If you don’t know who Rabindranath Tagore is, you should. He was a Bengali writer, the first non-European to win the Nobel Prize for literature. It was awarded primarily for his book “Gitanjali”, a collection of poetry. Besides poetry, though, he wrote plays, novels, songs, non-fiction ranging from travelogues to history to essays, and, of course, short stories.
When he began to write his short stories in the late 1800s there was little literary precedence in Bengali; he claims he had to invent language for the form as he composed. At the time he had gone off into the countryside to manage some estates for his family. He lived on a houseboat on the Padma River, and daily was in contact with the common folk who comprise the characters in his tales. His affinity with and love for them is evident in the empathy he displays for them all: he writes of families torn asunder by contention and jealousy, of arranged marriages, of child brides, of wandering mendicants, of devotees of Hindu gods, of the rich destroyed by their riches and the poor by their poverty, of teachers and their students, of servants and their masters, of parents and their children; he even writes a few about ghosts and haunted palaces. All of them are set in the milieu of the time: the Hindu- and Bengali-speaking northeast of India during the British Raj. The British, however, are mentioned only peripherally; the stories are about Indians and India. Though the customs and beliefs are very different from what we are used to in the modern West, Tagore’s talent is great enough to get us into the minds of his characters so that they become familiar to us and we can see them as beset with humanity as we ourselves are.
Tagore is an artist. Apart from the believable characters there are beautiful descriptions of the Bengali countryside: sunshine and storms, droughts and floods, plains and rivers, trees and flowers, as well as the scents and sounds and feel of the country villages.
This book is of particular interest to me because I lived for several years in Bangladesh and in West Bengal, India. I studied elementary Bengali at Dhaka University. I lived for a few months in Santiniketan, where Tagore lived and founded an ashram. I can still read Bengali, but alas, I have forgotten most of the vocabulary. I would like to read Tagore in the original. Someday, perhaps.
In the meantime, this is an excellent translation. Sometimes when I have read translated works, for instance of Shusaku Endo’s “Deep River”, I have been disappointed; while the quality of the original cannot help but shine through, it is evident that something has been lost in the transition from the author’s language to English. I can’t say that this is the case here. The translation (by William Radice) is very smooth, very elegant.

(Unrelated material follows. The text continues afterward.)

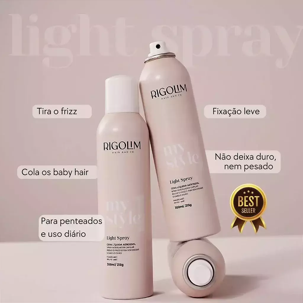 O Light Spray é um spray antifrizz com leve fixação, ideal para modelar e finalizar penteados. Após a aplicação, é possível modelar o cabelo com tranquilidade. Não deixa o cabelo pesado e nem resseca os fios.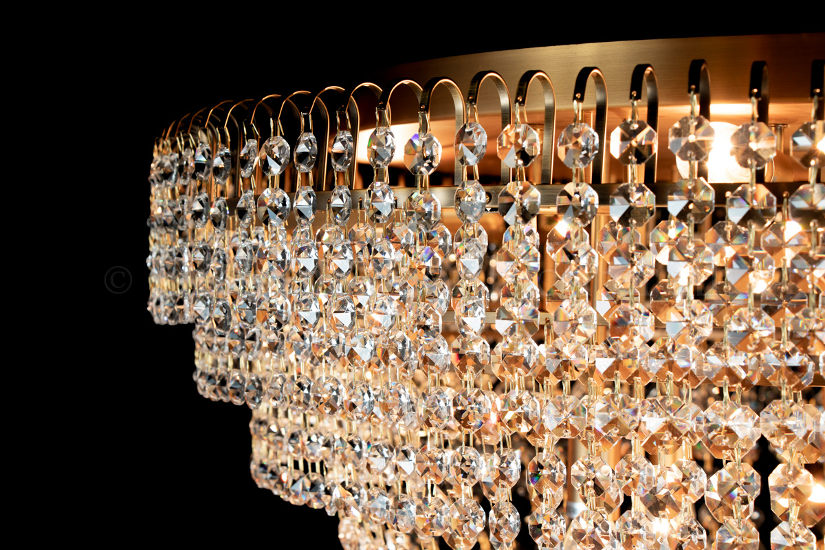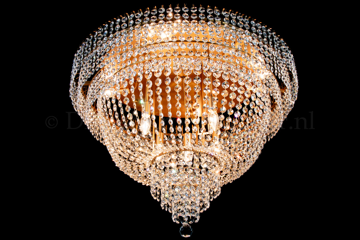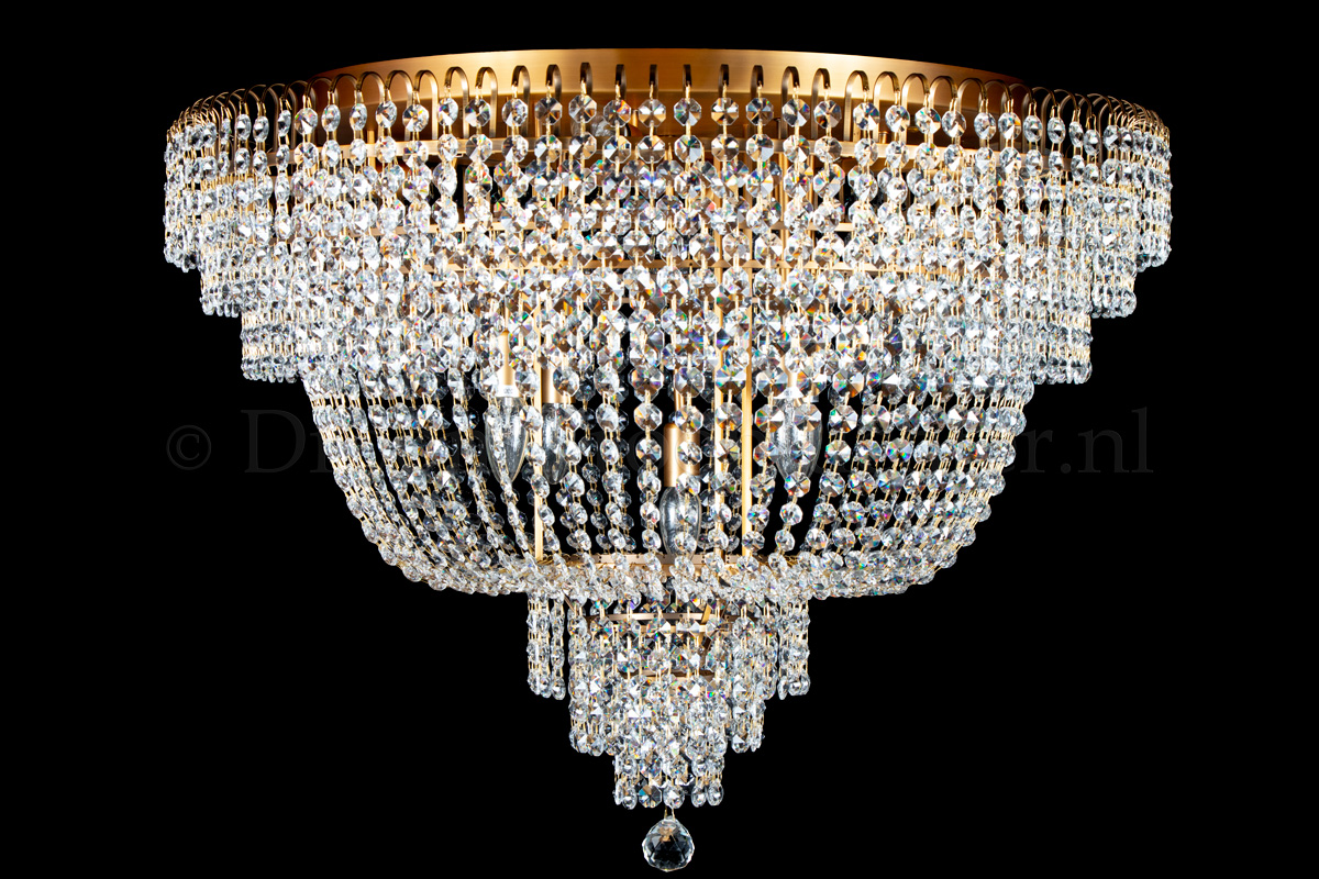 Diese Deckenleuchte besteht aus wunderschönem Kristall und hat matte Bronzkanten. Die Deckenleuchte aus Salle-Kristall mit einem Durchmesser von 80 cm und einer Höhe von 65 cm verleiht Ihrem Raum ein warmes und attraktives Aussehen.

Would I recommend this book? Unequivocally. Anyone who loves short stories should read this book, or you are missing out on a master of the craft. Some of the stories are stronger than others, it’s true, but that is true of any short story collection. Some of my particular favorites are: “Taraprasanna’s Fame”, “Wealth Surrendered”, “Kabuliwallah”, “A Problem Solved”, “Thakurda”, “The Hungry Stones”, and “The Gift of Sight”. The stories are all quite short and can be read in a sitting, which is good because many of them are best appreciated as whole entities.